Withdrawing from the alliance robs Nevadans of the opportunity to benefit from sharing information and best practices on reducing pollution and preparing our state for climate consequences such as increased heat, drought, electric grid stress, air pollution, novel insect-borne diseases and water quality concerns. The alliance recently announced the release of a new website and database to examine these issues and share solutions. Many of our municipalities and counties are engaged in sustainability planning and projects, and the lack of state-level coordination will diminish their capacity.

Perhaps Gov. Lombardo doesn’t realize that 60 percent of Nevadans believe that global warming is already harming people in the U.S., and 56 percent think the governor should do more to address global warming.

In 2023, many more people are concerned and alarmed about climate change than they were a decade ago. Further, most people realize that their personal actions are insufficient, and we must have large scale policy solutions. A wide swath of Clark County residents provided input for the county sustainability plan. Most resort corporations, Allegiant Stadium and small businesses throughout the state understand that leaning into sustainability is good for customer relations and often good for their bottom line.

Critics may point out that Nevada’s carbon footprint is small — nothing like giant economies such as China and India. But what we do here matters a lot, locally and globally. Globally, U.S. leadership is extremely important in promoting accountability and diffusing clean technologies around the world. Already, the Inflation Reduction Act is expected to drive a “green premium” that will reduce global emissions by 2.4-2.9 tons for every ton of reduction in the U.S.

Aggressive climate action is good for Nevada’s economy. Solar and energy efficiency businesses employed over 20,000 Nevadans last year.

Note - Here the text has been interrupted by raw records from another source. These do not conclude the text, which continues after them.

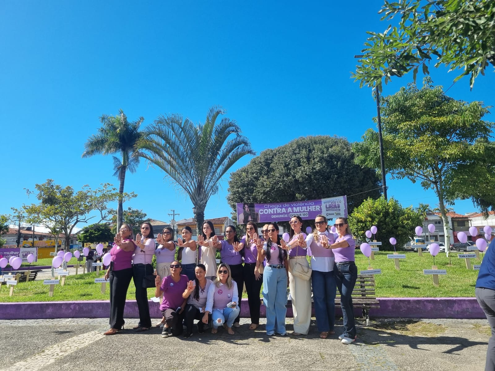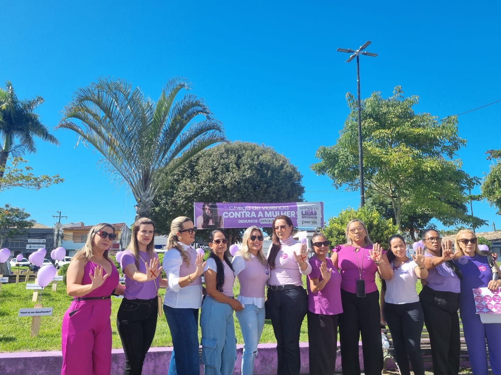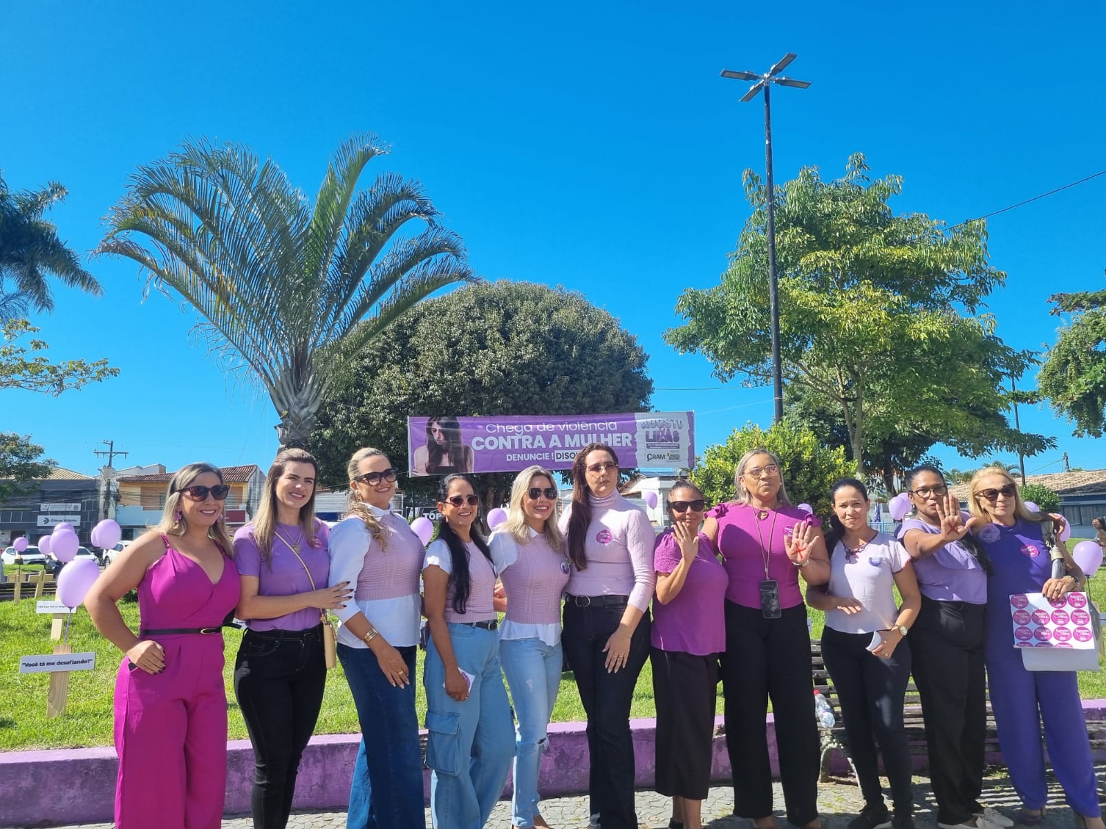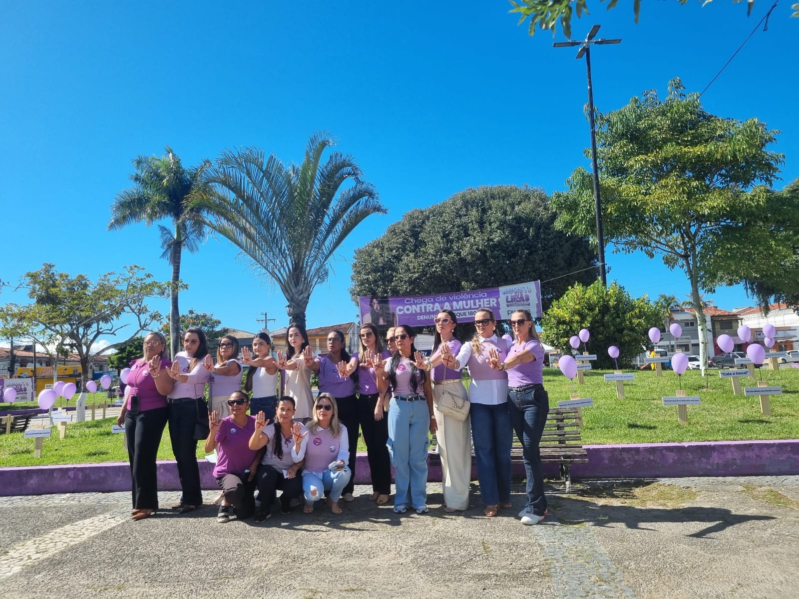 Na manhã desta quinta-feira (7/08), a Praça Antônio Carlos Magalhães (Praça ACM), no centro de Porto Seguro, foi palco de uma mobilização emocionante e necessária: o município realizou um grande ato público em repúdio à violência contra as mulheres. O evento reuniu centenas de pessoas e contou com a presença de autoridades municipais, estaduais e da sociedade civil, com destaque para o prefeito Jânio Natal, o vice-prefeito Paulinho Toa Toa e a primeira-dama Cristiane Chiachio, que foi também a anfitriã da cerimônia.
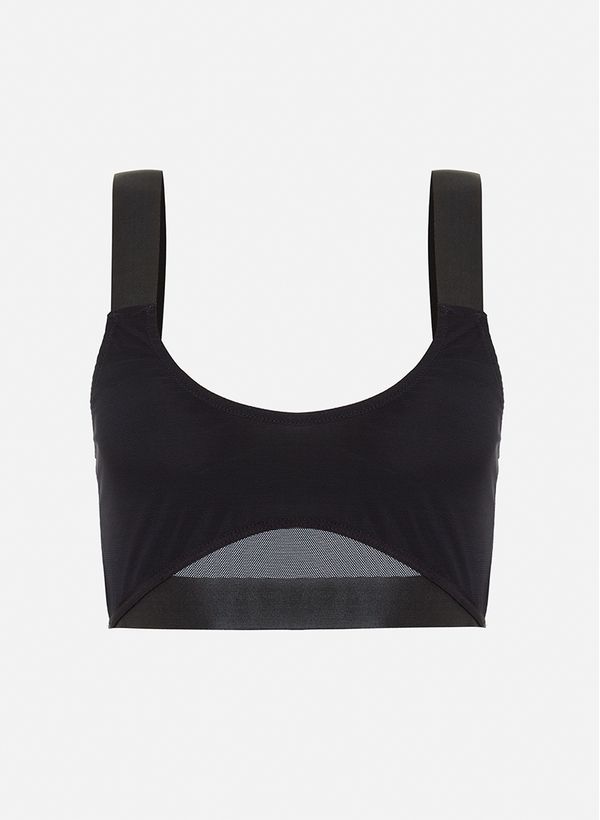 Confeccionado em malha Black, o Top possui modelagem justa ao corpo, detalhe de recorte localizado, transparência e alças em elástico.
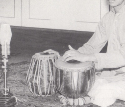 さて、デリーのスィッダール・カーン(Siddhar Khan スダール・カーンとも)によって確立された、と一般に言われているタブラを使った新奏法は、それまでのパッカワージの奏法をもとにしながらも、新しく生み出されたカヤール、女性の軽やかなステップを思わせるようなリズムをもつ音楽にうまくマッチする、クリアーで繊細で軽快な響き、そして豊かな即興性を持っていました。技術的な最も大きな違いは、指遣いの違い=人差し指と中指を1本ずつで打つ奏法とクラーボール(開放音)よりバンドボール(閉鎖音)の重視、また、即興的展開に重点を置いたカイダ(Kaida)と呼ばれる演奏形式などの発明です。
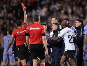 在2024年3月,皇馬2-2戰(zhàn)平瓦倫西亞最后時(shí)刻,貝林厄姆破門,但主裁提前吹響終場哨?;蜀R集體抗議,貝林厄姆對(duì)裁判出言不遜,被主裁判希爾-曼薩諾直紅罰下。
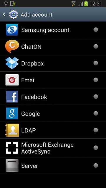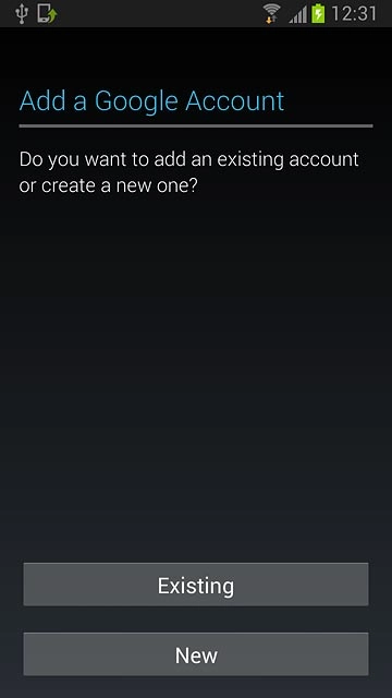 To create a new account: press New. Follow the instructions on the display to create a new account.
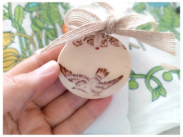 Grand médaillon , Oiseau , Faïence de Onnaing sépia, modèle Liseron

Additional jobs in renewable construction, electric vehicles, hydropower, wind, geothermal, mining and climate resilience far exceed employment in the fossil fuel sector. Efficient electric appliances for heating, cooling, cooking and other needs save businesses and residents money over their lifespan.

Choosing renewables over fossil fuels will immediately benefit the health of Nevadans by reducing air pollution. Air pollution caused largely by burning fossil fuels causes at least 100,000 deaths per year in the U.S. It is associated with heart disease and stroke, asthma and chronic lung disease, the risk of death from COVID-19. In children it is associated with everything from infant mortality to school absenteeism. Even dementia and diabetes are likely partly caused by air pollution.

Recent studies show that even short-term spikes in pollution cause surges in deaths. Populations of color have higher air pollution exposure and Black and low income populations have higher risks of pollution-related death.

A well-regarded analysis by a Duke University researcher shows that following U.S. Climate Alliance goals under the Paris agreement will save an estimated 4.5 million premature deaths in the U.S. over 50 years, providing over $700 billion in benefits from better health and worker productivity. Nevadans should embrace this opportunity to relieve the burden on our overstressed health care system.

Nevada is still a place where out-of-the box ideas can manifest. Nevada companies have leaned into the future with EV ride sharing, energy-efficient mass produced housing, and more than one battery plant. We have an opportunity to be a dynamic, diversified economy independent from reliance on out-of-state energy. Gov. Lombardo should rethink this decision and commit to promoting renewable energy and reducing fossil fuel use in Nevada. A healthy Nevada is a happier and more productive Nevada.

Joanne Leovy is a family physician, founder of Nevada Clinicians for Climate Action and volunteers as Nevada state co-coordinator for Citizens' Climate Lobby.